Take $\sigma_1 = a_1^{1/2}$ and $\sigma_2 = a_2^{1/2}$. Consider the coupling
$$ X^1_t = X_0^1 + a_1^{1/2} B^1_t \quad \text{and} \quad X^2_t = X_0^2 + a_2^{1/2} U(a_1, a_2) B_t^1 \;.
$$ Here $U(a_1,a_2) = a_2^{-1/2} a_1^{-1/2} (a_1^{1/2} a_2 a_1^{1/2} )^{1/2}$ is an orthogonal matrix since $$
U(a_1,a_2) U(a_1, a_2)^T = a_2^{-1/2} a_1^{-1/2} (a_1^{1/2} a_2 a_1^{1/2} ) a_1^{-1/2} a_2^{-1/2} = I
$$ where $I$ is the identity matrix. As a shorthand, let $A =a_1^{1/2} - a_2^{1/2} U(a_1, a_2) $, so that
$$
X_t^1 - X_t^2 = X_0^1 - X_0^2 + A B_t^1 \;.
$$
Then
\begin{align}
E[|X^1_t - X^2_t|^2] &= |X_0^1 - X_0^2|^2 + E[| A B^1_t|^2] = |X_0^1 - X_0^2|^2 + E[(A B^1_t)^T (A B^1_t)] \\
&= |X_0^1 - X_0^2|^2 + E[\operatorname{Trace}( ( A B^1_t)^T (A B^1_t)) ] \\
&= |X_0^1 - X_0^2|^2 + E[\operatorname{Trace}( A (B^1_t) (B^1_t)^T A^T ) ] \\
&= |X_0^1 - X_0^2|^2 + t \operatorname{Trace}( A A^T )
\end{align}
where we used the cyclic property of the trace and the fact that $E[ (B^1_t) (B^1_t)^T]= t I$.
To finish, \begin{align}
&\operatorname{Trace}( A A^T ) = \operatorname{Trace}( (a_1^{1/2} - a_2^{1/2} U(a_1, a_2)) (a_1^{1/2} - a_2^{1/2} U(a_1, a_2))^T ) \\
&= \operatorname{Trace}( a_1 - a_2^{1/2} U(a_1, a_2) a_1^{1/2} - a_1^{1/2} U(a_1, a_2)^T a_2^{1/2} + a_2^{1/2} U(a_1, a_2) U(a_1, a_2)^T a_2^{1/2} ) \\
&= \operatorname{Trace}( a_1 - 2 a_1^{1/2} a_2^{1/2} U(a_1, a_2) + a_2 ) \\
&= \operatorname{Trace}( a_1 - 2 (a_1^{1/2} a_2 a_1^{1/2} )^{1/2} + a_2 )
\end{align}
where again we used the cyclic property of the trace and that $U(a_1,a_2)$ is an orthogonal matrix. Combining the above we obtain
$$
E[|X^1_t - X^2_t|^2] = |X_0^1 - X_0^2|^2 + t \operatorname{Trace}( a_1 + a_2 - 2 (a_1^{1/2} a_2 a_1^{1/2} )^{1/2} ) \;,
$$ as required. This is indeed a dynamical (i.e., time-dependent) version of the 2-Wasserstein distance between two multivariate normal distributions.

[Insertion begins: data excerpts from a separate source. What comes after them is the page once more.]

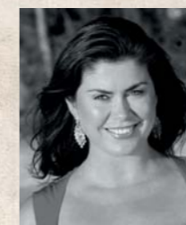
AMANDA LAMB OVERSEAS PROPERTY EXPERT
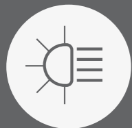
01. LIGHT & SIGHT PACK
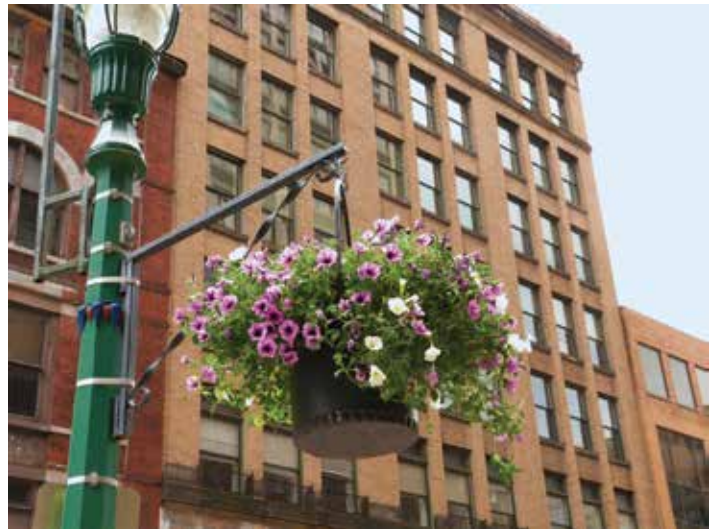
Sponsor one of the hundreds of hanging flower baskets in downtown Syracuse with a $45 donation to the Downtown Committee.

Hanging Flower Baskets: Each June, the Downtown Committee's hanging flower baskets help beautify the city. Last year, a record 334 baskets were installed in Cathedral Square, Hanover Square, Salina Street, Clinton Square and Armory Square. This June will mark the program's fifth anniversary. You can support the effort by sponsoring a basket with a tax-deductible donation of $45 per basket. Checks may be mailed to the Downtown Syracuse Foundation, Inc. at 115 W. Fayette St., Syracuse. Credit cards can also be used to make a donation at www.downtownsyracuse.com/get-involved/downtown-beautification .
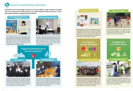
Social Contribution Activities
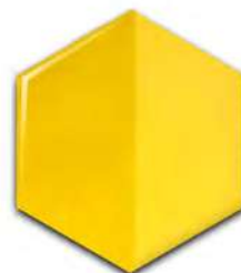
Sunshine SIL 1
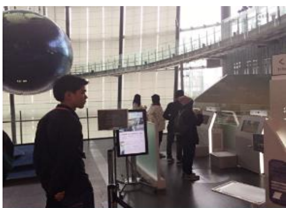
12/1 【Cutting-Edge Technology】 Miraikan - National Museum of Emerging Science and Innovation (Tokyo)

December 8 (Tue) Departure from Narita International Airport
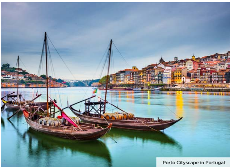
Porto Cityscape in Portugal
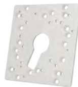
AV-EBA Electrical Box Adapter
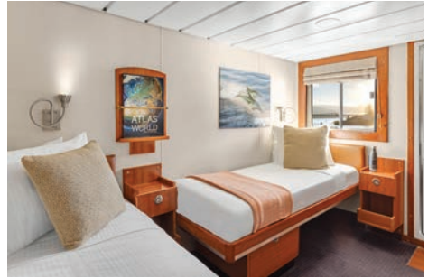
Category 2 cabin with single beds.

All cabins face outside with windows, private facilities and climate controls. Cabins are equipped with Wi-Fi and multiple electrical and USB outlets. Botanically inspired shampoo, conditioner, shower gel and lotion are all available in cabin bathrooms, as well as an Expedition Essentials Kit. Hair dryers, complimentary insulated water bottles and an atlas are available in each cabin.
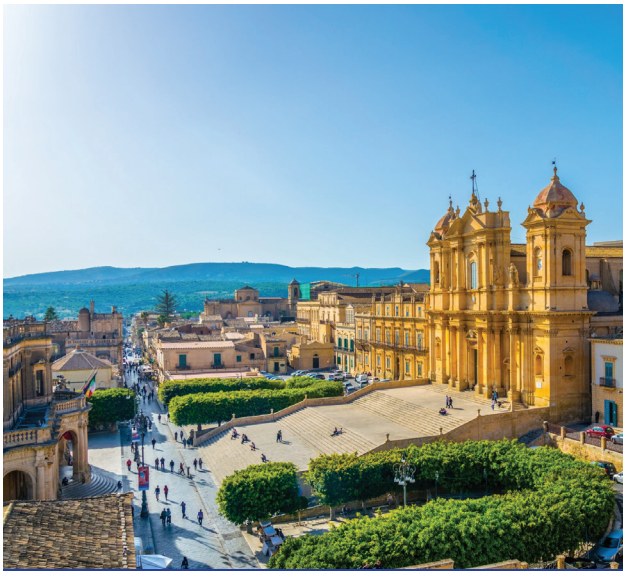
Noto | 诺托
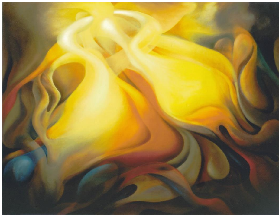
Transfiguration of Jesus by Armando Alemdar Ara

Last Sunday after Epiphany - The Transfiguration

In contrast, for the synchronous coupling,
$$
X^1_t = X_0^1 + a_1^{1/2} B^1_t \quad \text{and} \quad X^2_t = X_0^2 + a_2^{1/2} B_t^1 \;,
$$ we obtain:
$$
E[|X^1_t - X^2_t|^2] = |X_0^1 - X_0^2|^2 + t \operatorname{Trace}( a_1 + a_2 - 2 a_1^{1/4} a_2^{1/2} a_1^{1/4} ) \;.
$$
As discussed further in Section 2 of the reference below, we note that the synchronous coupling is optimal with respect to the 2-Wasserstein distance when $a_1$ and $a_2$ commute, since in that case $U(a_1,a_2)=I$.
Givens, Clark R.; Shortt, Rae Michael, A class of Wasserstein metrics for probability distributions, Mich. Math. J. 31, 231-240 (1984). ZBL0582.60002.